The wail outrings the chafed, tumultuous surge; Ocean and earth, the illimitable skies, Prolong one note, a mourning for the dead, The cry of souls not to be comforted.
What piercing music! Funeral visions rise, And send the hot tears raining down our cheek.
We see the silent grave upon the hill With its lone lilac-bush.
O heart, be still! She will not rise, she will not stir nor speak.

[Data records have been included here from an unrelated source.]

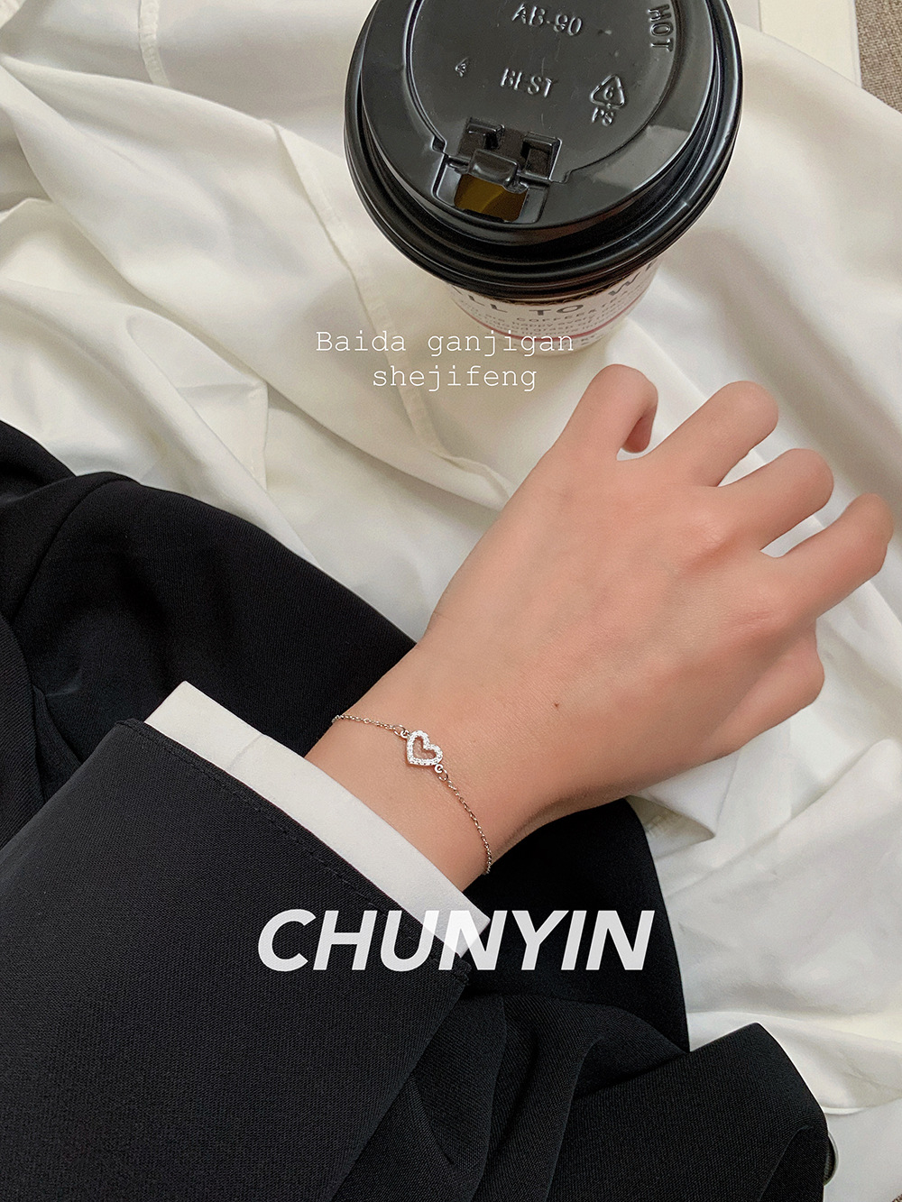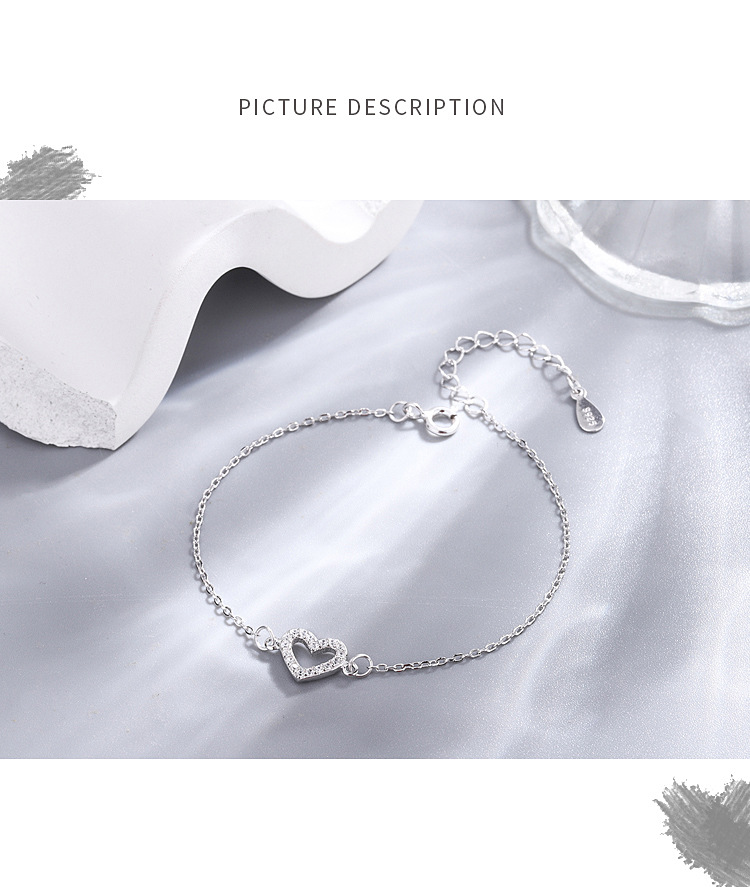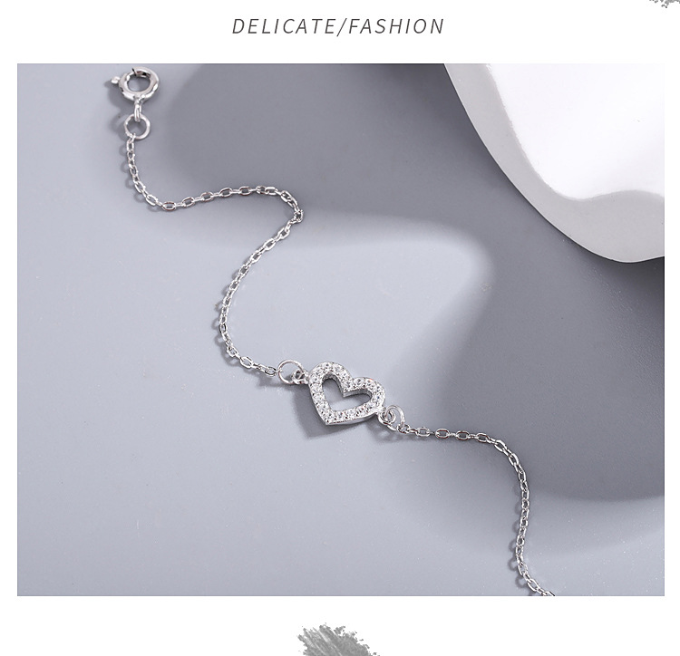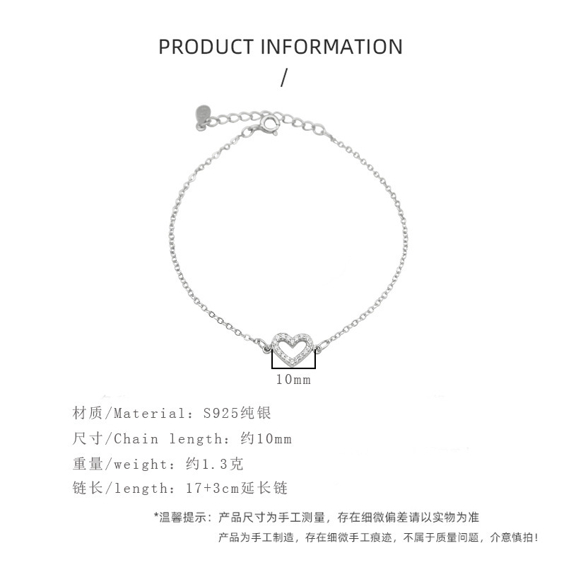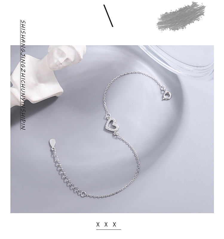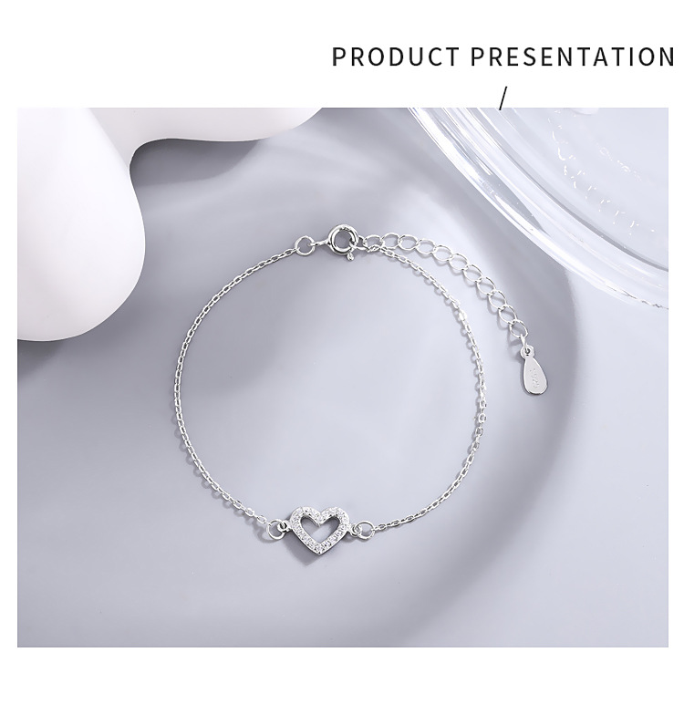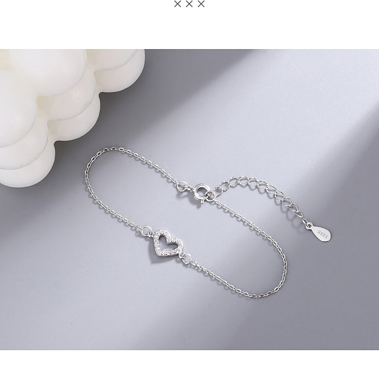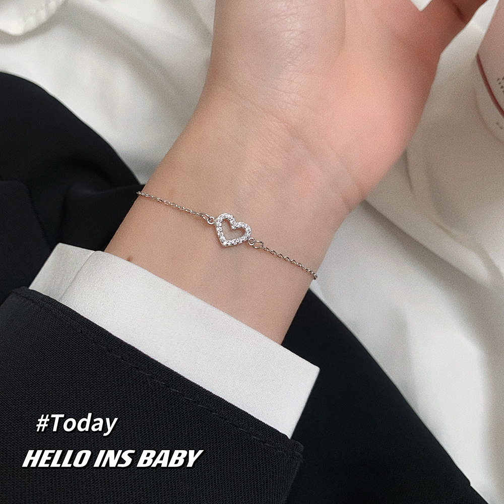 S925純銀満ドリル愛ブレスレット韓国版シンプル文芸女子モデルジルコン桃心手飾り学生ファッションアクセサリー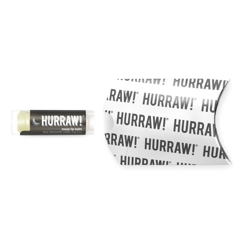 - ONE 4.8g/.17oz Oval Tube of Moon (Night Treatment) Lip Balm packaged in a white HURRAW! branded pillow box. Extra thick, creamy and rich; this balm has some serious staying power. The vanilla and peru balsam scent will lull you to sleep. Azulene packed blue chamomile soothes your lips for some true beauty z's! Made with certified organic, vegan, and raw ingredients. Hurraw! Lip Balms are certified 100% all natural origin, cruelty and gluten free. Non-GMO. Bee, Shea, Soy and Palm Free.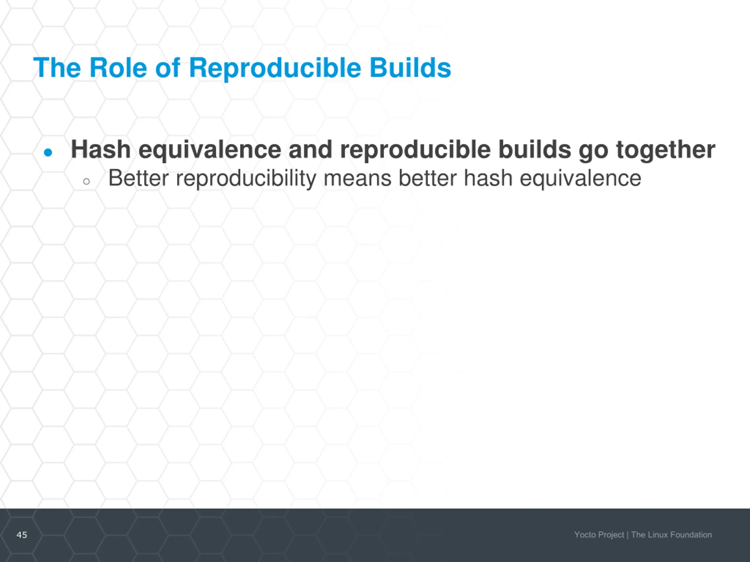 The Role of Reproducible Builds Hash equivalence and reproducible builds go together Better reproducibility means better hash equivalence 45
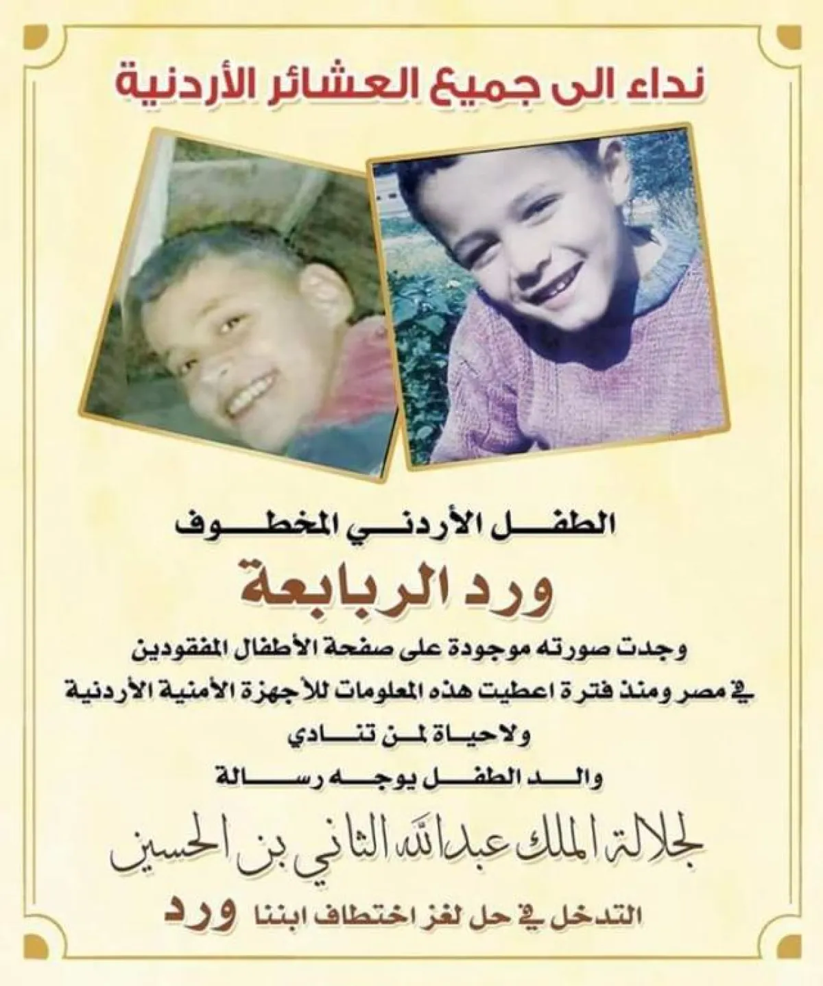 قضية اختفاء شغلت الرأي العام بأكمله في المملكة الأردنية خلال العام 2007، إنها قضية الطفل ورد، الذي فُقد أثره تماماً وفشلت جميع المحاولات الرسمية والشعبية بالعثور عليه خلال تلك الفترة. إلا أن تطوراً مفاجئاً وكبيراً حدث مؤخراً، عندما استدعت وزارة الخارجية الأردنية والد الطفل ورد عقب تداول صورته على إحدى صفحات الأطفال المفقودين في مصر. لتعود القضية إلى الواجهة مرة أخرى بعد 12 عاماً من الاختفاء الغامض.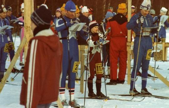 Hiihtosuunnistuskin on ohjelmassa. Jussi-Pekka, 117, lähtökarsinassa 1983.
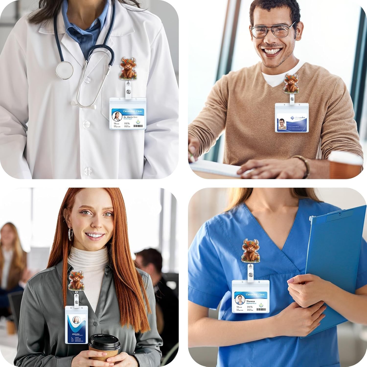 как выглядит Funny Badge Reel, Cute Highland Cow Retractable ID Card Badge Holder, Name Tag P фото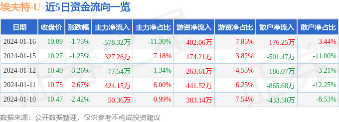 1月16日的资金流向数据方面,主力资金净流出578.32万元,占总成交额11.3%,游资资金净流入402.06万元,占总成交额7.85%,散户资金净流入176.25万元,占总成交额3.44%。
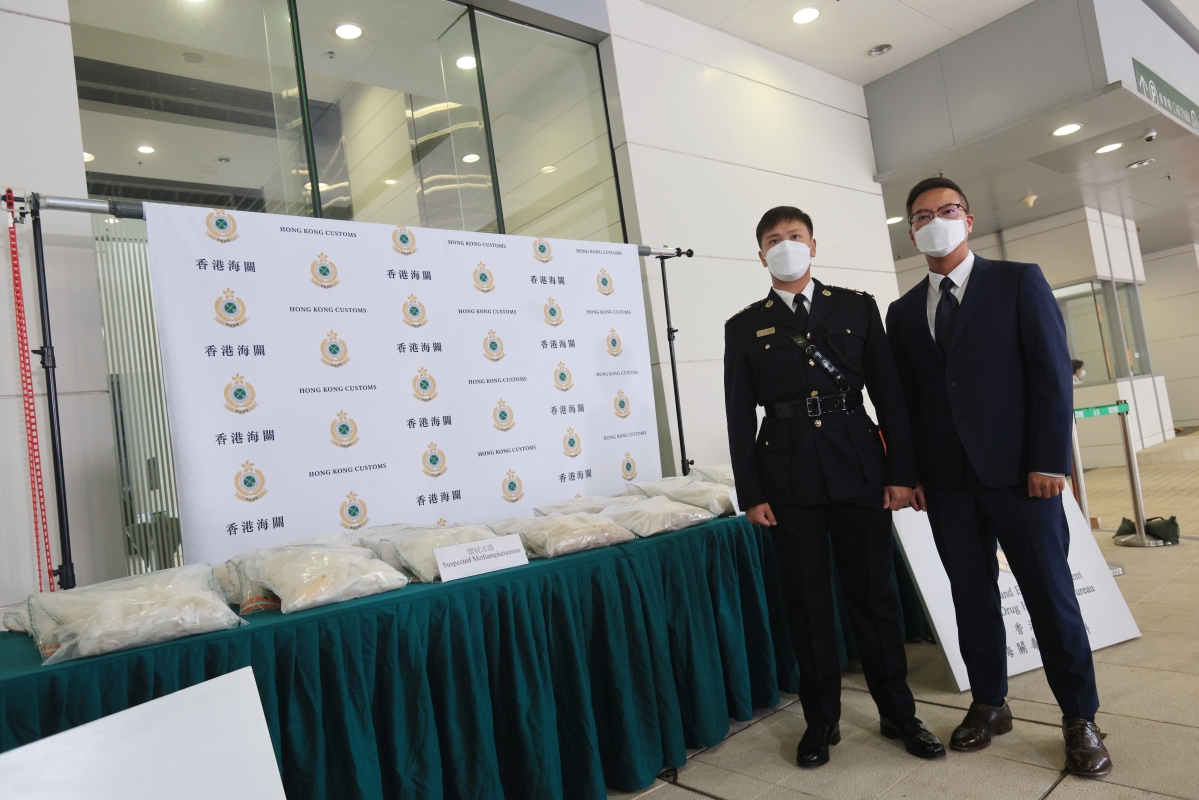 海關毒品調查科機場調查組指揮官林澤麟(右)和署理海關機場科空運貨物高級督察何俊輝(左)出席記者會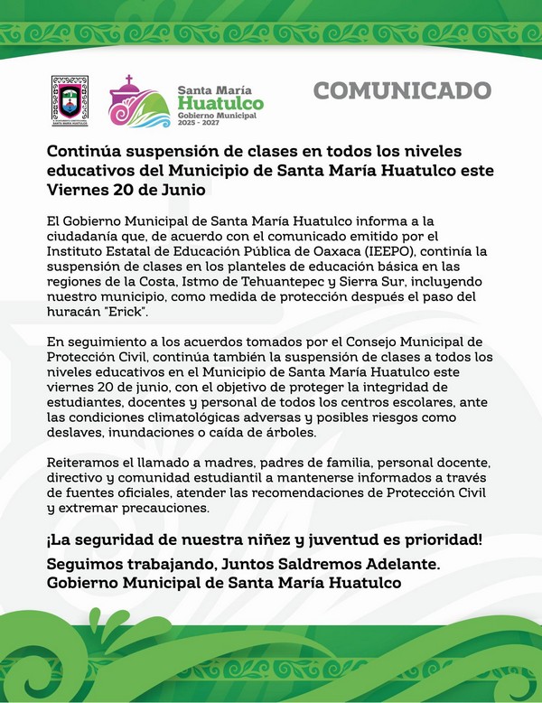 Continua suspensión de clases en todos los niveles educativos del Municipio de Santa María Huatulco este Viernes 20 de Junio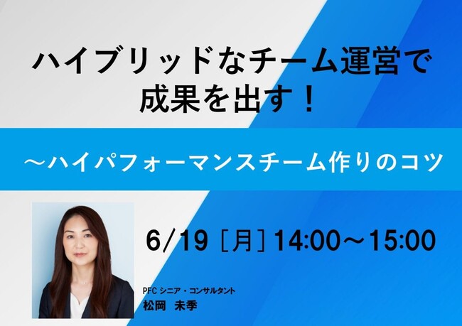 オンライン(在宅)とリアル(対面)の混ハイブリッドな働き方が定着しつつあります。ハイブリッドな働き方は、社員が好む働き方に沿うことで個人の力を引き出し、従業員の満足度向上にもつながる一方、ハイブリッドならではのチーム運営の難しさや苦悩もあります。では、そんなハイブリッドチームをハイパフォーマンスチームに導き、成果を出すためにはどうしたらよいのでしょうか?今回ご紹介するのは「ハイブリッドチーム実践ワークショップ」。ハイブリッドチーム運営にあたって押さえるべきポイントを学び、自チームについて振り返る、管理職やチームリーダー向けの新プログラムです。ハイブリッドなチーム運営ならではの難しさや落とし穴、それを克服するための具体的なノウハウや、受講者同士のディスカッションを多く取り入れ、知識だけでなく、自チームにすぐに取り入れらえる実践型のプログラムとなっています。6月19日(月)に詳細をご紹介するウェビナーを開催します。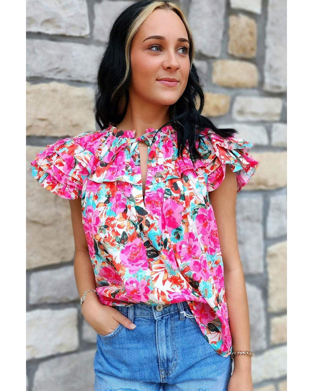 Azura Exchange Ruffle Flutter Sleeve Floral Print Blouse - S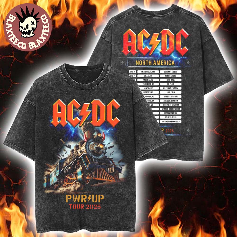 Acdc Rock N Roll Train Pwr Up Tour North America 2025 Vintage Washed T-shirt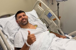 阿圭罗在业余比赛中肌腱断裂,因此接受手术,他在社交媒体上晒出躺在病床上竖起大拇指的照片,配文:“搞定了,一切都很顺利。”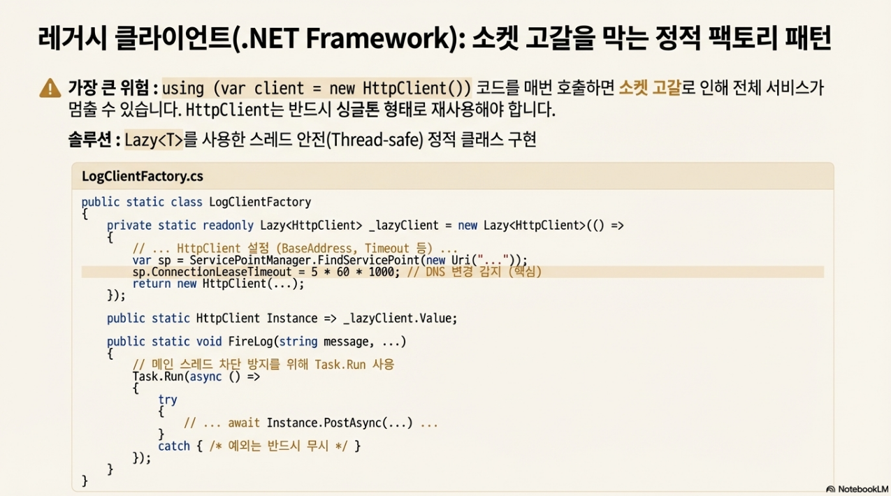 - 정적 팩토리 패턴 (Static Factory Pattern): 이 문제에 대한 검증된 해결책은 HttpClient 인스턴스를 애플리케이션 전역에서 하나만 유지하는 싱글톤 패턴을 적용하는 것입니다. Lazy<T>를 사용하여 스레드에 안전한(thread-safe) 방식으로 싱글톤 인스턴스를 생성하고 제공하는 LogClientFactory와 같은 정적 클래스를 구현합니다.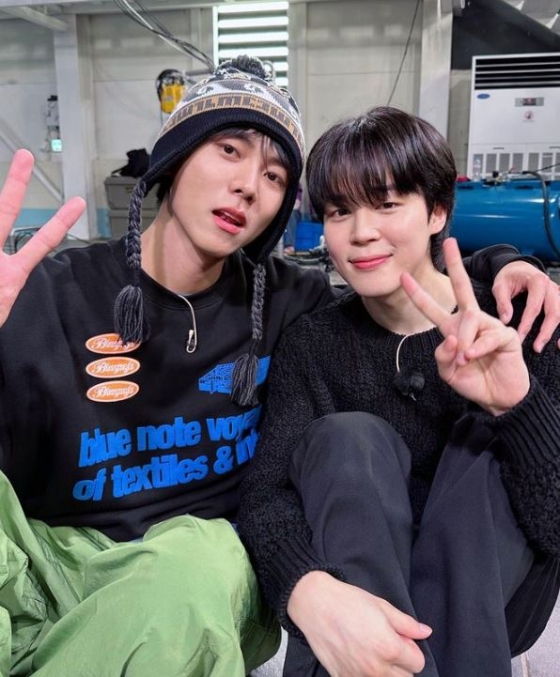공개된 사진에는 주우재와 지민이 사이 좋게 앉아 포즈를 취하는 모습이 담겨 있다. 두 사람은 손가락 브이(V)를 그리며 화기애애한 분위기를 자아냈다.

Surely, the unreturning dead are blest.
Ring on, sweet dirge, and knell us to our rest! V Upon the silver beach the undines dance With interlinking arms and flying hair; Like polished marble gleam their limbs left bare; Upon their virgin rites pale moonbeams glance.
Softer the music! for their foam-bright feet Print not the moist floor where they trip their round: Affrighted they will scatter at a sound, Leap in their cool sea-chambers, nibly fleet, And we shall doubt that we have ever seen, While our sane eyes behold stray wreaths of mist, Shot with faint colors by the moon-rays kissed, Floating snow-soft, snow-white, where these had been.
Already, look! the wave-washed sands are bare, And mocking laughter ripples through the air.
VI Divided 'twixt the dream-world and the real, We heard the waxing passion of the song Soar as to scale the heavens on pinions strong.
Amidst the long-reverberant thunder-peal, Against the rain-blurred square of light, the head Of the pale poet at the lyric keys Stood boldly cut, absorbed in reveries, While over it keen-bladed lightnings played.
"Rage on, wild storm!" the music seemed to sing: "Not all the thunders of thy wrath can move The soul that's dedicate to worshipping Eternal Beauty, everlasting Love.
" No more! the song was ended, and behold, A rainbow trembling on a sky of gold! Epilogue Forth in the sunlit, rain-bathed air we stepped, Sweet with the dripping grass and flowering vine, And saw through irised clouds the pale sun shine.
Back o'er the hills the rain-mist slowly crept Like a transparent curtain's silvery sheen; And fronting us the painted bow was arched, Whereunder the majestic cloud-shapes marched: In the wet, yellow light the dazzling green Of lawn and bush and tree seemed stained with blue.
Our hearts o'erflowed with peace.
With smiles we spake Of partings in the past, of courage new, Of high achievement, of the dreams that make A wonder and a glory of our days, And all life's music but a hymn of praise.